DOUBLE JEOPARDY.-The defendant has been acquitted from a charge of the crime of theft. Thereafter, he was charged with estafa. The basic act complained of in the first information was that of unlawfully acquiring possession of the sugar-theft. The basic act complained of in the second information was failure to deliver sugar lawfully received by the accused-estafa. While theft and estafa are both crimes against property, the essential elements of the two crimes are different. So it was held that the accused has not been placed twice in jeopardy for the same offense.So the plea of autrofois acquit should not be sustained, (Per Malcolm, J., in U. S. v. Bayona Vitog, R. G. No. 12817, decided October 25, 1917.)

CRIMINAL LAW: SELF-DEFENSE.-The ancient common law rule in homicide was denominated "retreat to the wall." This doctrine made it the duty of a person assailed to retreat as far as he can before he is justified in meeting force with force. This principle has now given way in the United States to the "stand ground when in the right" rule. Where the accused was where he had a right to be, the law does not require him to retreat when his assailant was rapidly advancing

upon him in a threatening manner with a deadly weapon. The accused is entitled to do whatever he had reasonable grounds to believe at the time was necessary to save his life, or to protect himself from bodily harm. (Per Malcolm, J., in U. S. v. Dowen, R. G. Mo. 12963, decided October 25, 1917.)

JUDICIAL NOTICE OF LAWS AND ORDINANCES BY COURTS.-The accused is charged with violation of a municipal ordinance.
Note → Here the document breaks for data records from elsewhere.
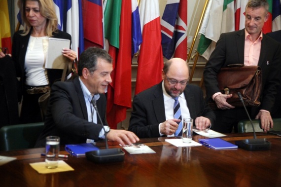 «Για μένα θα ήταν προτιμότερο ο κ. Τσίπρας να είχε συνεργαστεί με το Ποτάμι και όχι με το κόμμα ΑΝΕΛ, πράγμα το οποίο έπραξε. Αλλά πρέπει να σεβαστούμε τα πράγματα όπως διαμορφώθηκαν» δήλωσε ο πρόεδρος του Ευρωπαϊκού Κοινοβουλίου, Μάρτιν Σουλτς, μετά τη συνάντησή του με τον επικεφαλής του Ποταμιού, Σταύρο Θεοδωράκη, στο πλαίσιο της ολιγόωρης επίσκεψής του στην Αθήνα.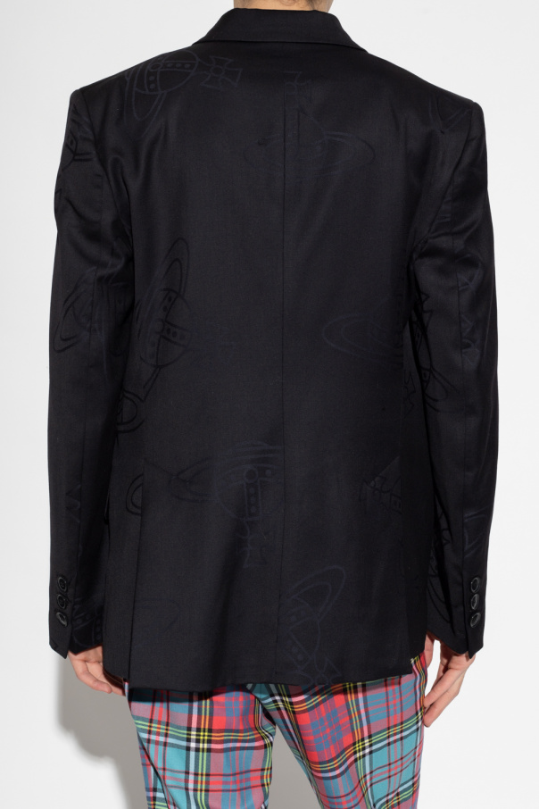 Black blazer from Vivienne Westwood. Made of virgin wool, this design features button fastenings, monogram pattern, three flap pockets, one slip pocket, double rear vent, peak lapels and long sleeves with buttoned cuffs.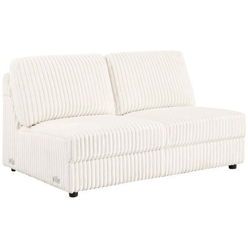 View full detailsAdd versatile seating to your sectional with the armless loveseat, upholstered in ivory wide corduroy. This piece offers plush comfort and easily f...

It is contended that a doubt arises as to whether the ordinance in question was in force at the date of its alleged violation. The counsel contended that since no affirmative proof was offered in the court below as to the date of the approval of the ordinance, the court had no evidence before it on which to base a finding that the ordinance was in force at the date of its alleged violation.

Held, That a court of a justice of the peace may, and should take judicial notice of the municipal ordinances in force in the municipality wherein it sits; and in an appeal from a judgment of a court of the justice of the peace the appellate courts may take judicial notice of municipal ordinances in force in the municipality wherein the case originated, and to that end may adopt the findings and conclusions of the court of the justice of the peace in that regard as developed by the recoids, in the absence of affirmative proof that such findings and conclusions are erroneous. Courts

of First Instance will not, ordinarily, and in the absence of express statutory authority, take judicial notice of ordinances of municipal corporations within their jurisdiction; such courts, however, may and should take judicial notice of such ordinances on appeal from a judgment of a municipal court or a court of a justice of the peace, in any case wherein the inferior court took judicial notice thereof.

REPEAL OF MUNICIPAL CODE BY THE ADMINISTRATIVE CODE: ITS EFFECT.-It is further contended that the ordinance having been enacted under authority of the Municipal Code, and that Code having been repealed by the enactment of the Administrative Code, the ordinance should be deemed to have been abrogated at the same time.

Held, That while the Administrative Code repealed the Municipal Code, it conferred upon and confirmed to all duly organized municipalities the power to enact and maintain such ordinances in substantially the same language as that found in the Municipal Code. Section 3 of the Administrative Code expressly provides that the provisions of that Code incorporating prior laws shall be deemed to be made in continuation thereof, and to be in the nature of amendments thereto, without prejudice to any right already accrued. (Per Carson, J., in U. S. v. Blanco, R. G. No. 12435, decided November 9, 1917.)

CRIMINAL LAW; HOMICIDE; INDEPENDENT ACTS.-The deceased was wounded by a pistol fired by V. It was a mortal wound. Immediately after receiving the pistol shot, the deceased was wounded with a bolo by L. This was likewise a mortal wound. The death was due to these wounds. Either of these wounds is sufficient to cause the death of the victim.